WHAT IS REQUIRED.
Write out each line exactly, starting with the one containing "P1186 Shampo 600ml" and stopping after the last line of the listing below.

PROVIDED DATA.
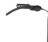
POA101-Ex Manos Libres Intrínsecamente seguro
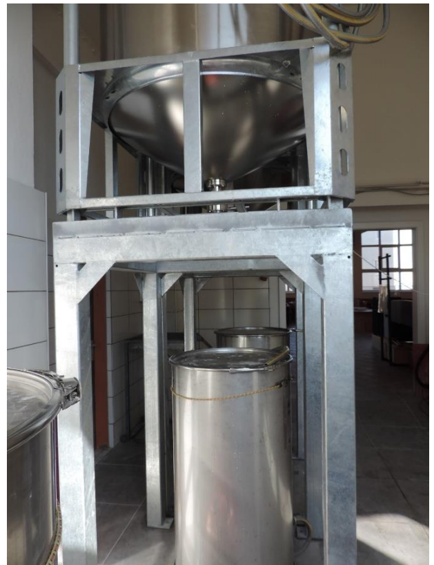
Absetztank unter Haupttank / Prototypen
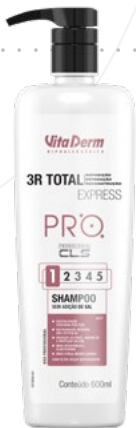
P1186 Shampo 600ml

Higieniza os cabelos quebradiços ou danificados de forma segura, de maneira íntegra, e restaura a fibra capilar.

RESULT FOR THIS EXERCISE.
P1186 Shampo 600ml

Higieniza os cabelos quebradiços ou danificados de forma segura, de maneira íntegra, e restaura a fibra capilar.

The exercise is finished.